◆ WORK INSTRUCTIONS
Scan the records below for the line with "Drapak Gaczoo wysoki" and the line with "Matte Larimar Chip", and retype that range exactly, both ends included, pictures excepted.

***

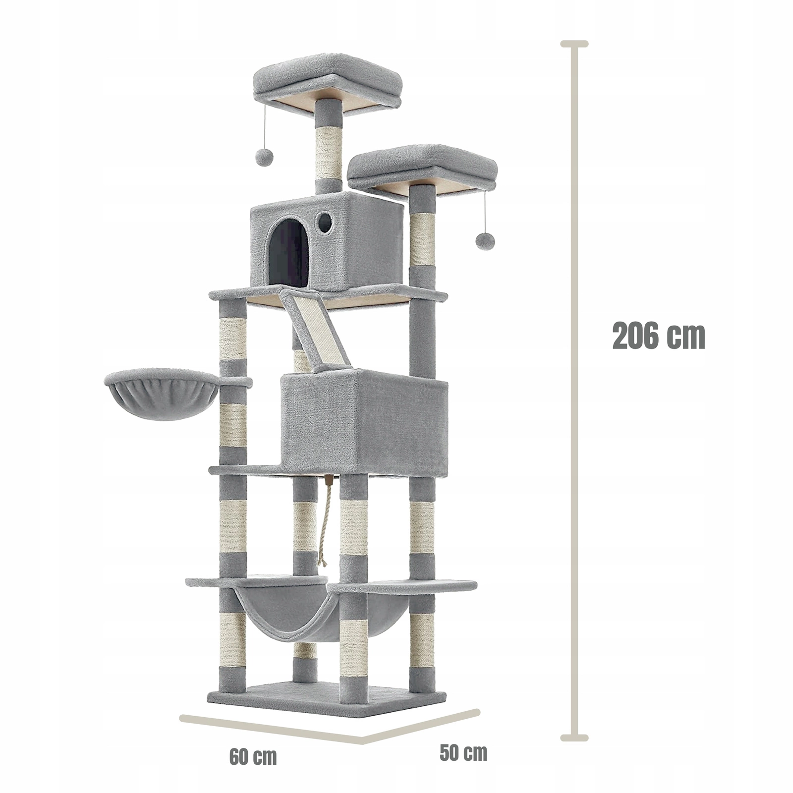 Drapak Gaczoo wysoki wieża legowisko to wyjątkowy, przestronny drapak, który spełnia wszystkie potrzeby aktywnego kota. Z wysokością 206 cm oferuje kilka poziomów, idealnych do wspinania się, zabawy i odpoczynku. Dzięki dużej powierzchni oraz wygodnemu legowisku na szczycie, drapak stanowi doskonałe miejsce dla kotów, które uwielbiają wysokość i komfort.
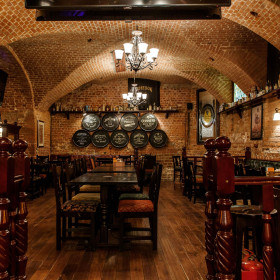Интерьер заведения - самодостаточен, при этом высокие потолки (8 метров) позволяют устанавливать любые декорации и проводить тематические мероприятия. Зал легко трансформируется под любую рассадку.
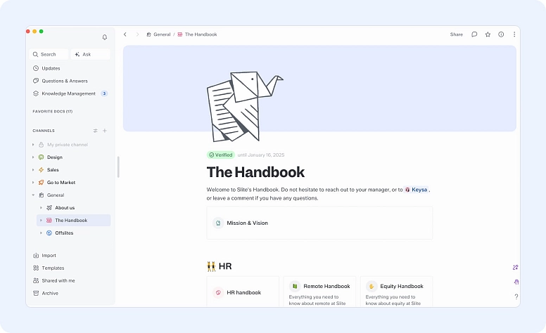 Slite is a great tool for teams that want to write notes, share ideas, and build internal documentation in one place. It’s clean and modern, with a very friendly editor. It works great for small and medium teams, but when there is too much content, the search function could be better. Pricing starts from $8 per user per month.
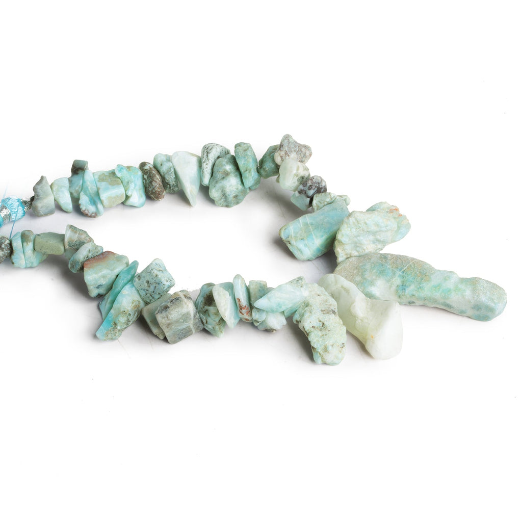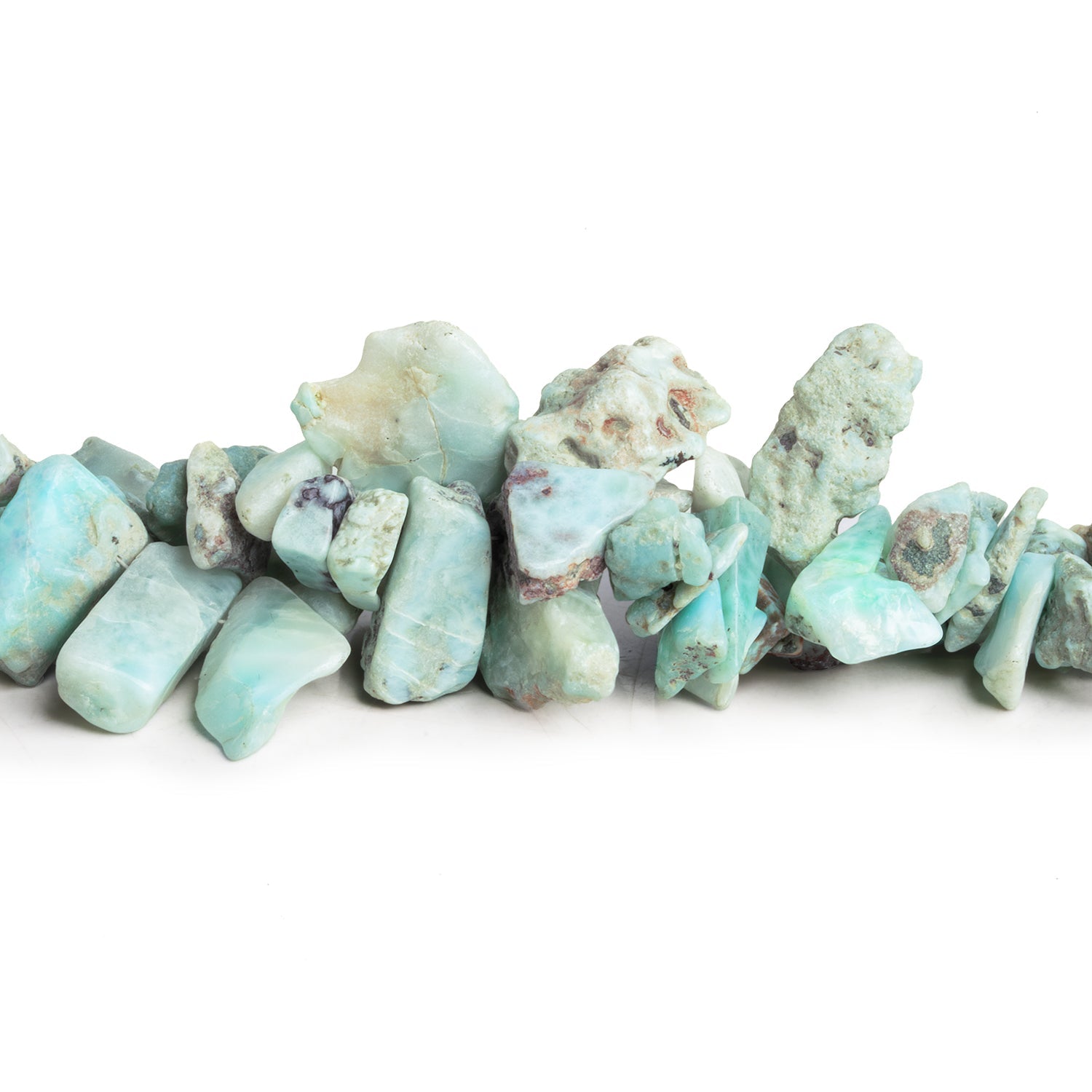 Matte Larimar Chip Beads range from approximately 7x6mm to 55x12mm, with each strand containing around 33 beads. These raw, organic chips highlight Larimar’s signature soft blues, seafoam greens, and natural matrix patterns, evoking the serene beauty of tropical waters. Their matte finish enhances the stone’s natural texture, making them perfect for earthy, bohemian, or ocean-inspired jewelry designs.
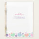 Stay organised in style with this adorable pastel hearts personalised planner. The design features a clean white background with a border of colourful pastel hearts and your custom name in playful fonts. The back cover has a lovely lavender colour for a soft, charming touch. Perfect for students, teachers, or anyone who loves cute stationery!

***

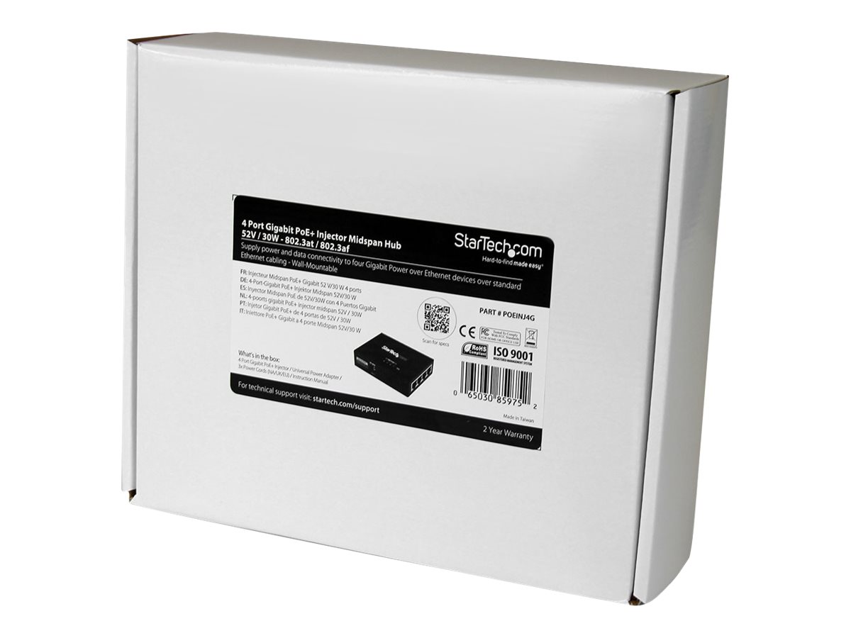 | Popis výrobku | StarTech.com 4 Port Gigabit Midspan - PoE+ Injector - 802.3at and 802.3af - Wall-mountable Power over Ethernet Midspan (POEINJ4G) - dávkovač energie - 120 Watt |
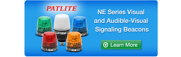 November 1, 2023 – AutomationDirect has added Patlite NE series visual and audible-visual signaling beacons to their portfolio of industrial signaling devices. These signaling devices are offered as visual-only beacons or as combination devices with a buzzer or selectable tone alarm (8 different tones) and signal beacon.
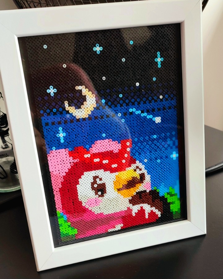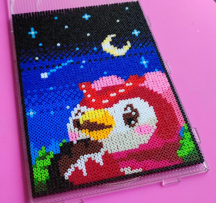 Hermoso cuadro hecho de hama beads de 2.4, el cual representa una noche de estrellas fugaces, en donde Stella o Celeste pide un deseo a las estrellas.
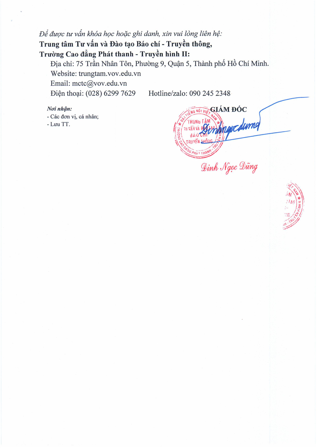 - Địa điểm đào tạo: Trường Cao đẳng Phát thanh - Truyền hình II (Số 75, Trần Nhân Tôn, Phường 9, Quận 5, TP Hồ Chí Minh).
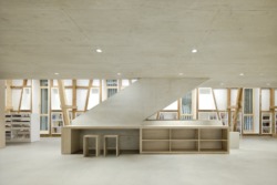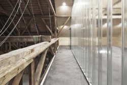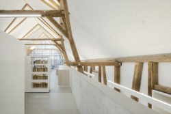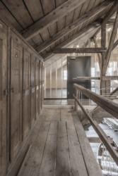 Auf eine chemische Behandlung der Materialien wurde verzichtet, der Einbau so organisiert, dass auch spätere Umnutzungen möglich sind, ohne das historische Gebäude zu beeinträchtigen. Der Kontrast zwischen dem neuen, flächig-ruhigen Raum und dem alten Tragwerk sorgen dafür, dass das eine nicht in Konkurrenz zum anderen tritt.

***

◆ ANSWER TO THIS PROBLEM
 Drapak Gaczoo wysoki wieża legowisko to wyjątkowy, przestronny drapak, który spełnia wszystkie potrzeby aktywnego kota. Z wysokością 206 cm oferuje kilka poziomów, idealnych do wspinania się, zabawy i odpoczynku. Dzięki dużej powierzchni oraz wygodnemu legowisku na szczycie, drapak stanowi doskonałe miejsce dla kotów, które uwielbiają wysokość i komfort.
Интерьер заведения - самодостаточен, при этом высокие потолки (8 метров) позволяют устанавливать любые декорации и проводить тематические мероприятия. Зал легко трансформируется под любую рассадку.
 Slite is a great tool for teams that want to write notes, share ideas, and build internal documentation in one place. It’s clean and modern, with a very friendly editor. It works great for small and medium teams, but when there is too much content, the search function could be better. Pricing starts from $8 per user per month.
 Matte Larimar Chip Beads range from approximately 7x6mm to 55x12mm, with each strand containing around 33 beads. These raw, organic chips highlight Larimar’s signature soft blues, seafoam greens, and natural matrix patterns, evoking the serene beauty of tropical waters. Their matte finish enhances the stone’s natural texture, making them perfect for earthy, bohemian, or ocean-inspired jewelry designs.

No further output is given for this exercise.